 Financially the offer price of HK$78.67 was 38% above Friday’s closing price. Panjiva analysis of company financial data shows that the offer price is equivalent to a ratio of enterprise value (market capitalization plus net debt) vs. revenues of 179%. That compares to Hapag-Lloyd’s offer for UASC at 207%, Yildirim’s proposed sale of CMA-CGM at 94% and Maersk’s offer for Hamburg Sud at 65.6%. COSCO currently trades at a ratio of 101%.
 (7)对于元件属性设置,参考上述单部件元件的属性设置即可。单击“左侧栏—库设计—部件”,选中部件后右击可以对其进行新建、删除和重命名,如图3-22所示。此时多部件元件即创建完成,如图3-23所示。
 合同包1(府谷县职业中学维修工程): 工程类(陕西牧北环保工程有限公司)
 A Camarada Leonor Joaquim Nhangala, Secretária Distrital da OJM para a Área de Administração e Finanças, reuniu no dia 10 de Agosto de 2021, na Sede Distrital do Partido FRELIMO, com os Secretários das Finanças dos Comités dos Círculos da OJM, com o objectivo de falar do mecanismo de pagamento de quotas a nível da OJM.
::::::
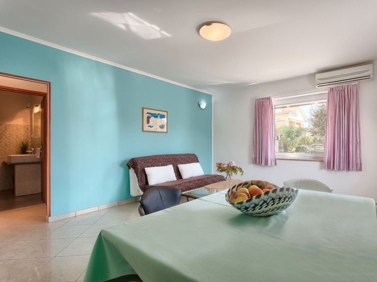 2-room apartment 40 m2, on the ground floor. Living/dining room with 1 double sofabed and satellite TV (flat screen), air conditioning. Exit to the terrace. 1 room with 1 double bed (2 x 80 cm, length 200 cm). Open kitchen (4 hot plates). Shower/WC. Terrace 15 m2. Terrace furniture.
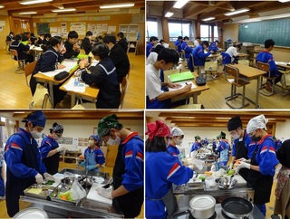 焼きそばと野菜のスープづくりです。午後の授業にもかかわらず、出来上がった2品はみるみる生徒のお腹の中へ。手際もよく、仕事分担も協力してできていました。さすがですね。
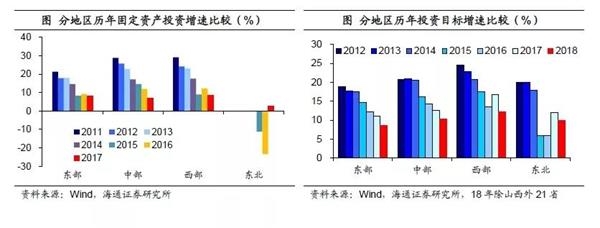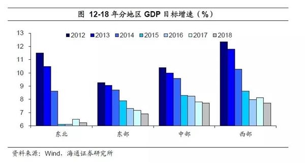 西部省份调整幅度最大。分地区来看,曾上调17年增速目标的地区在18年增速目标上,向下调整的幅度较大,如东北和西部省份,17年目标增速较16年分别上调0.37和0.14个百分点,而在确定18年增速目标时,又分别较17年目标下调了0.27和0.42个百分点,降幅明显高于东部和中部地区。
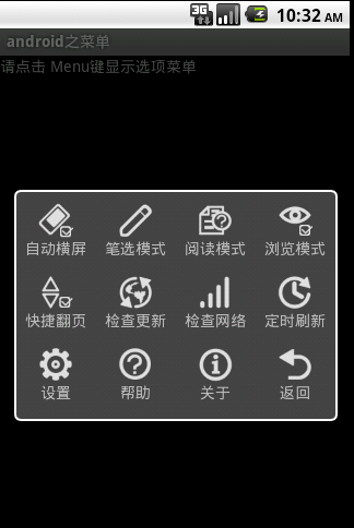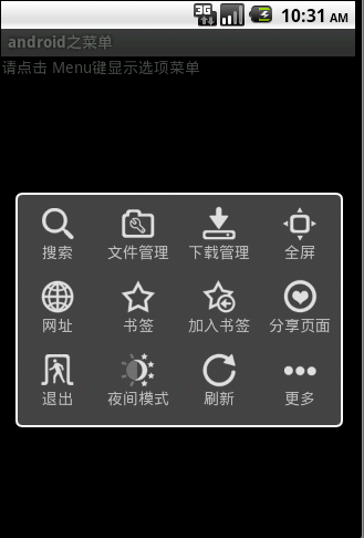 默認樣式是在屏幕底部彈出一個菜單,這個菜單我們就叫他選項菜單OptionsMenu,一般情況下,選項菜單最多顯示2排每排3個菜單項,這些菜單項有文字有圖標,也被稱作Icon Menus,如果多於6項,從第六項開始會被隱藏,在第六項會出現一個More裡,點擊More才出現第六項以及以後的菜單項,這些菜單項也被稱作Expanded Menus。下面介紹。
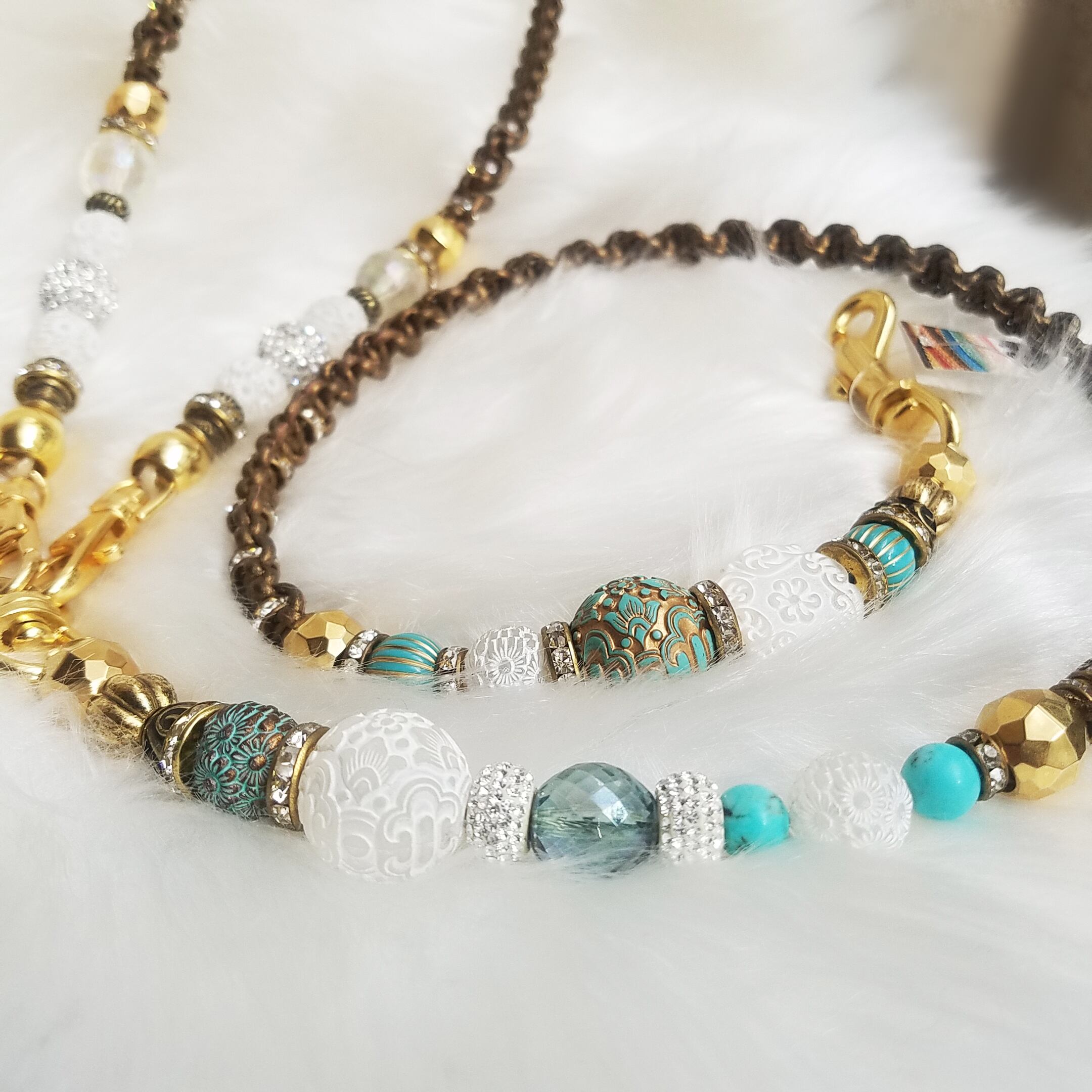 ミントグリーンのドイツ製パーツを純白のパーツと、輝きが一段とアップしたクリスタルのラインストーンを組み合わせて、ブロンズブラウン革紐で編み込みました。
::::::
> **Instructions to follow**: Among the records above, repeat exactly the line with "合同包1(府谷县职业中学维修工程): 工程类(陕西牧北环保工程有限公司)", the line with "A Camarada Leonor", and every line in between, and only those.

> **Result of the task**:
 合同包1(府谷县职业中学维修工程): 工程类(陕西牧北环保工程有限公司)
 A Camarada Leonor Joaquim Nhangala, Secretária Distrital da OJM para a Área de Administração e Finanças, reuniu no dia 10 de Agosto de 2021, na Sede Distrital do Partido FRELIMO, com os Secretários das Finanças dos Comités dos Círculos da OJM, com o objectivo de falar do mecanismo de pagamento de quotas a nível da OJM.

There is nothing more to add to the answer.